Llama Index and RAG starter point¶
This is me trying and playing a bit with the starter guide of Llama Index. Basic discovery of how to use this. Actually their starter is more complex, goes into agents right away, so this was more what I was looking for.
Creating the environment¶
Poetry already installed and configured in windows to use Conda environments. Not sure how?Look here
conda create --name rag python=3.12
conda activate rag
poetry init
poetry add llama-index
poetry add sentence-transformers
poetry add llama-index-embeddings-huggingface
llama-index uses by default embedding from OpenAI. It requires the API key (and paying of course.) Should be cheap but I'll try using local embeddings to see how it goes, using Huggingface as I used for other projects via sentence-transformers.
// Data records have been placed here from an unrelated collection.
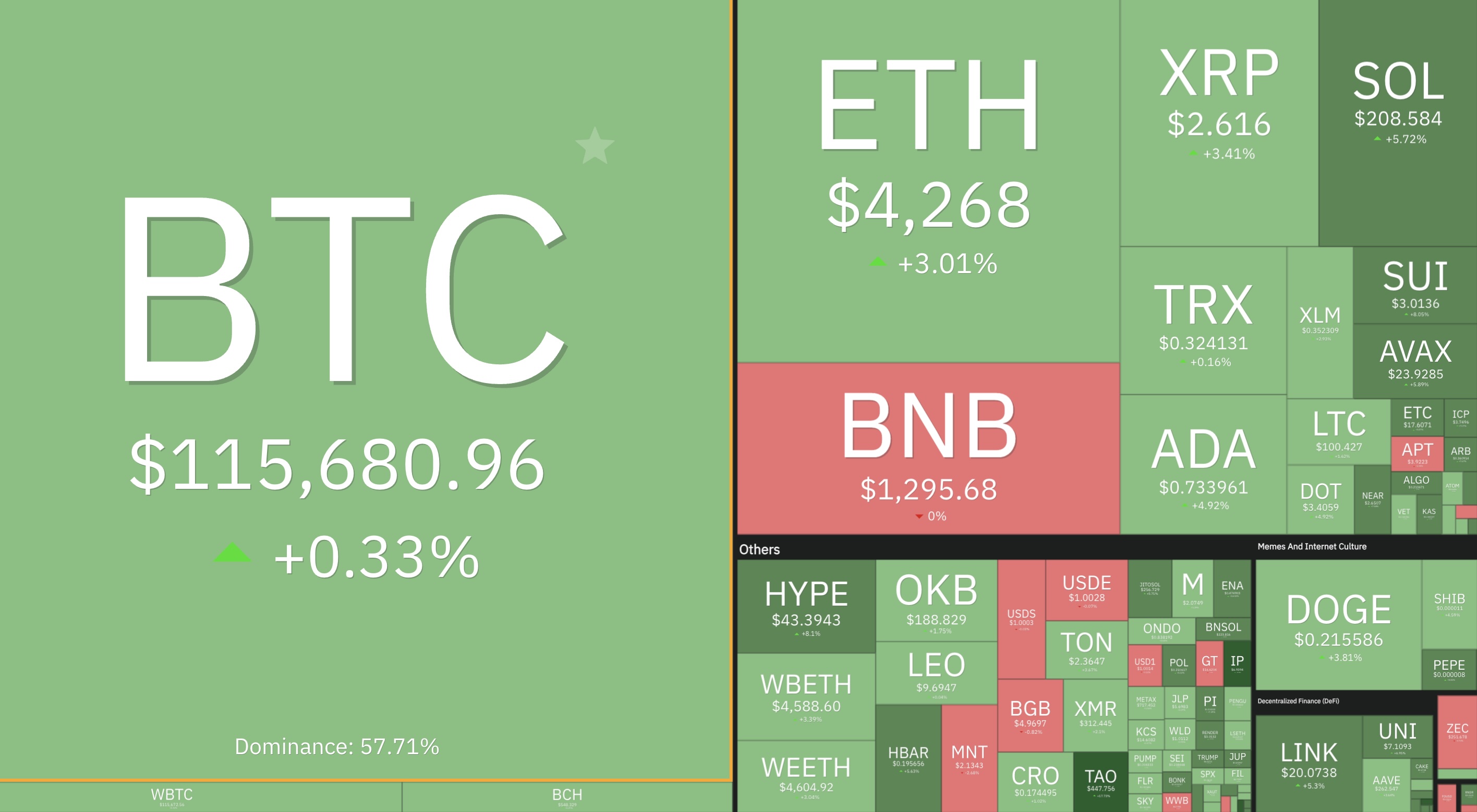 Sau một cuối tuần biến động mạnh, Bitcoin đã hồi phục trở lại trên 114.000 USD, cùng với sự phục hồi của thị trường chứng khoán Mỹ và vàng.
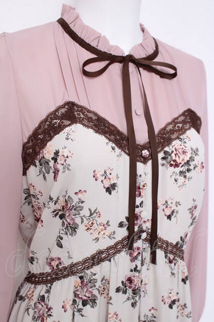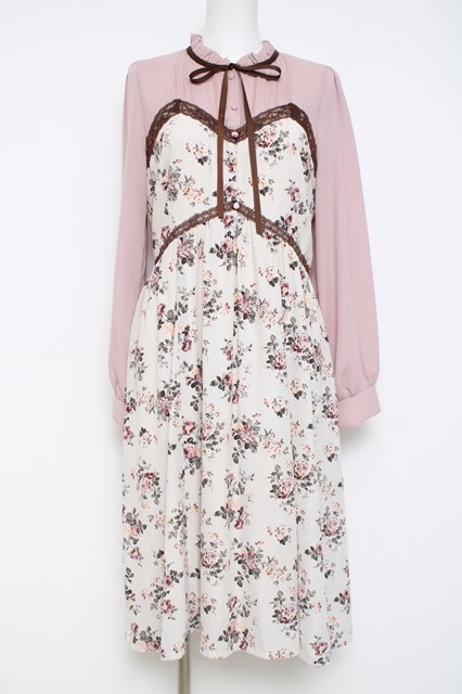 axes femme / ビスチェ切替バラ柄ワンピース M ピンク Y-26-04-17-155-AX-OP-SZ-ZY
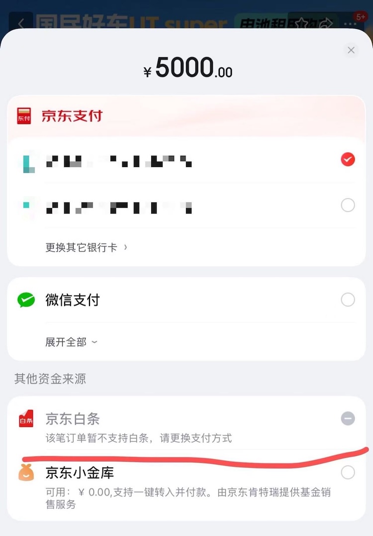 蓝鲸汽车记者在京东APP搜索“国民好车”后,目前有两个选项可选:支付5千元定车(下定锁单不可退)、支付500元意向金预约试驾(可退)。
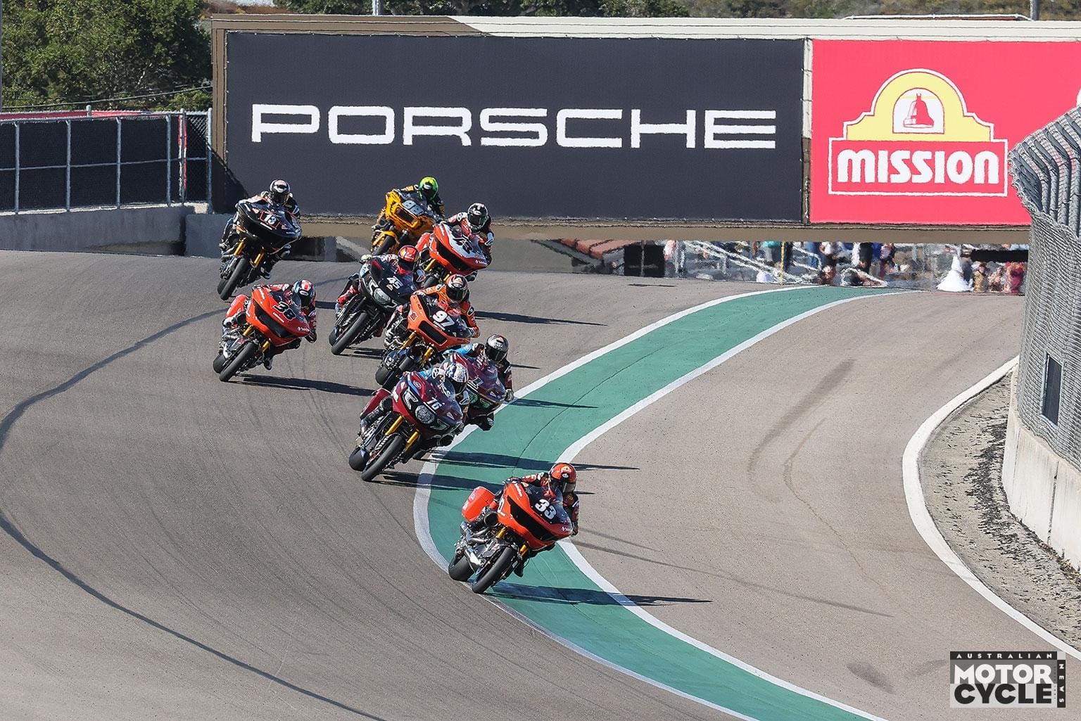 In Saturday’s opener, Wyman grabbed pole with a blistering new lap record of 1:27.524 around the famed 2.238-mile (3.6km) Laguna Seca circuit. He converted his pace into victory despite an early challenge from RevZilla/Motul/Vance & Hines Harley-Davidson’s Hayden Gillim, whose mechanical issues brought out a red flag.
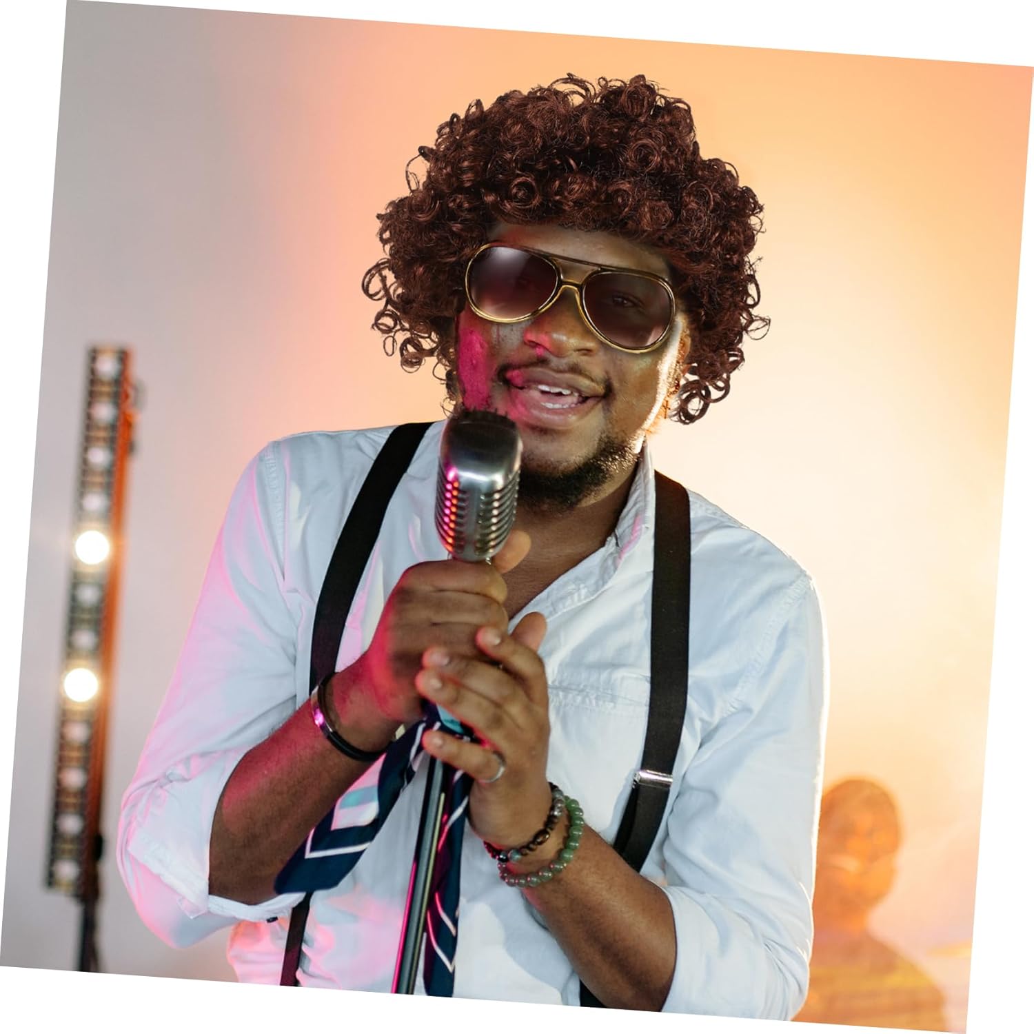 Parrucca da discoteca per uomo: leggera e comoda da indossare, divertente e creativa, unica ed elegante, pratica per feste in stile cosplay, parrucche anni '70 per uomo Ampia applicabile: gli accessori per da discoteca sono adatti a molte occasioni, come cosplay, halloween, spettacoli teatrali, ecc., accessori da discoteca, accessori per costumi cosplay Occhiali da sole per bambini: facili da indossare e da rimuovere, possono essere riutilizzati più volte, per rendere la tua festa più divertente e goderti la tua festa divertente, accessori per costumi anni '70 per uomo Facile da abbinare in base alle tue esigenze: gli accessori per travestimenti da festa anni '70 aggiungeranno più fascino tuo outfit a tema discoteca e ti renderanno cool, parrucca cosplay, accessorio cosplay anni '70 per uomo: adatti per adolescenti e adulti, la parrucca realistica, gli occhiali da sole e la collana possono abbinarsi bene tuo costume da cosplay, accessori per costumi anni '70

For local embedding model, we load the model from hugging face and we update the embed_model in Settings.
embed_model = HuggingFaceEmbedding(
model_name="BAAI/bge-small-en-v1.5",
device="cpu",
embed_batch_size=8,
)
Settings.embed_model = embed_model
I think this could work alright in terms of speed for now.
Ollama¶
I installed Ollama from their website Added Ollama to Environment Variables
I've been using them in the llama_index_starter.py to avoid using any API. but with my cpu only computer (32gb ram) everything was really slow. gemma3 in the terminal was super slow (~30s) , gemma3:4b much faster (~2s) but when integrating into llama index with the retrieval, it was slow too
I feel like there is no usage for local LLMs in my current computer. Maybe if I use a server or collab this could work.
Groq¶
I found that they have a generous free tier (500k tokens per day for some models) that should be enough to test things and do some minimum POC. I can top up later or use another provider, that's the magic of Llama-index, it should be easy to change the provider.
Also, Groq onboarding couldn't be easier. Log in, they give you API key, and that's it.
poetry add llama-index-llms-groq
from llama_index.llms.groq import Groq
Settings.llm = Groq(model="llama-3.1-8b-instant",
api_key=GROQ_API_KEY,
request_timeout=360.0)
That's it, I'm using Groq. In the Dashboard we can see usage, logs, etc, super cool.